I love lavender. Not just because it helps me sleep – another route to healthier, brighter looking skin – but as documented on the 100percentpure blog, it’s good for treating acne, detoxifying skin, preventing wrinkles, unclogging pores and has anti-inflammatory properties
Lips wise, Nivea is once again near if not at the top of my go-to list. It might sound rather un-sexy but it’s plain, simple, and I’ve found my lips absorb it really well. Within just a couple of days of using it my peckers were smooth and pain free (this test was done prior to the whole stitches debacle).

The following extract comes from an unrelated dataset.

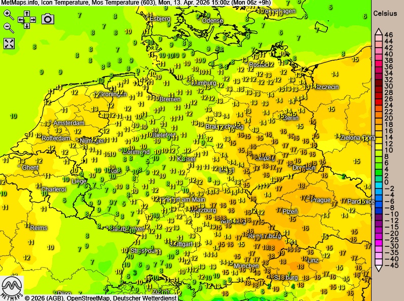 Die Wetter- und Temperaturkarte für 15:00 Uhr sowie die 6-Stunden-Regenmengen bis 23:00 Uhr nach ICON: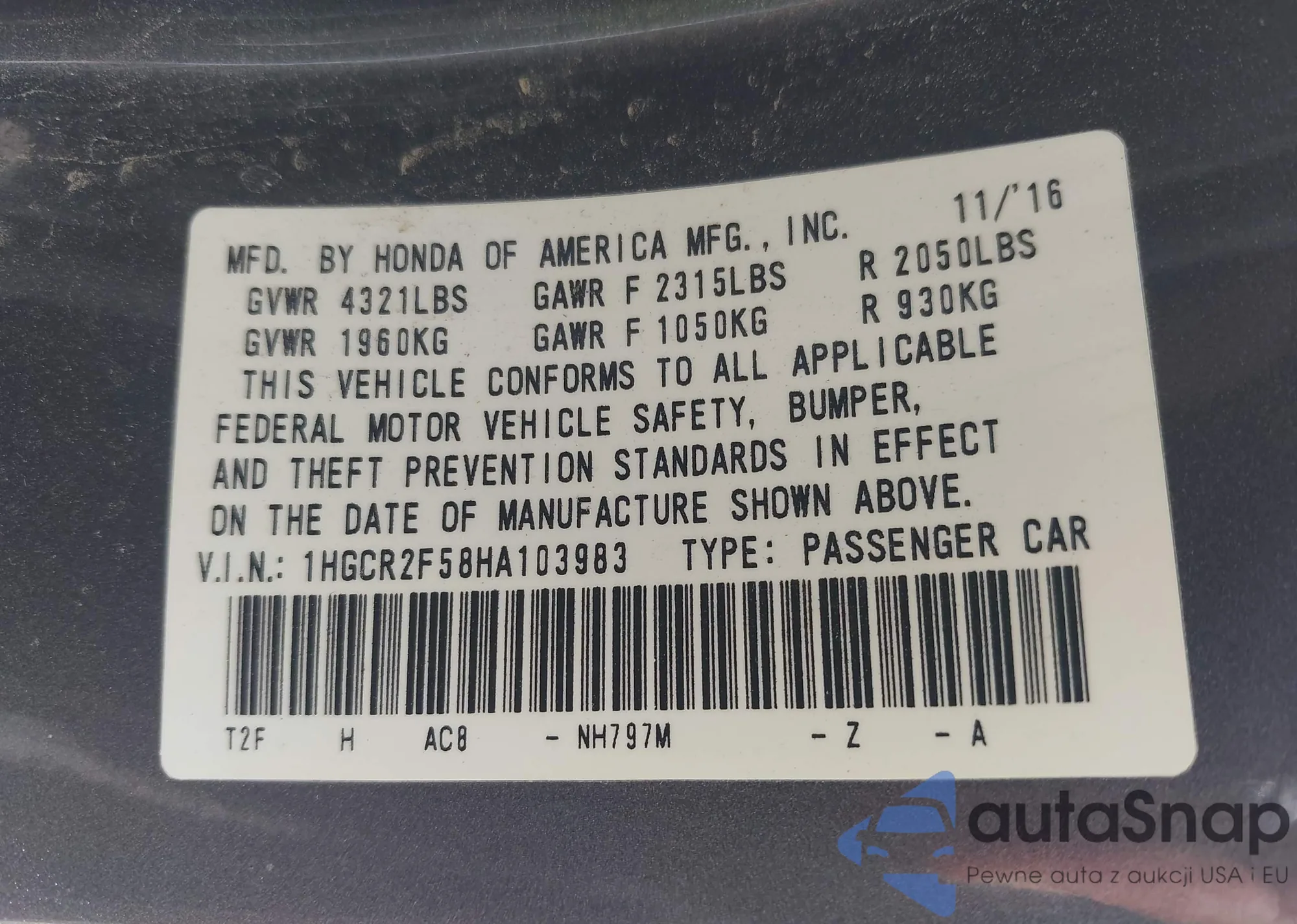 LOT: 43308204 VIN: 1HGCR2F58HA103983

Things I try to avoid are products like Vaseline, which I’ve found can dry out lips, and Carmex. Yes it tingles and feels nice but my lips become in a way addicted to it, so that if I stop using it they go straight back to how chapped and possibly worse as they were before. Blistex is another one. Great in small doses but, for me at least, not a long term
I’m sure there are far more expensive products out there – some that will work wonders, others for which you are simply emptying your purse for a brand name.
For now I’m happy with my simple, perfume-free options. And here begins my no make-up experiment. Enforced initially, yes, but I’m going to see how long I can last and what difference it makes to my skin.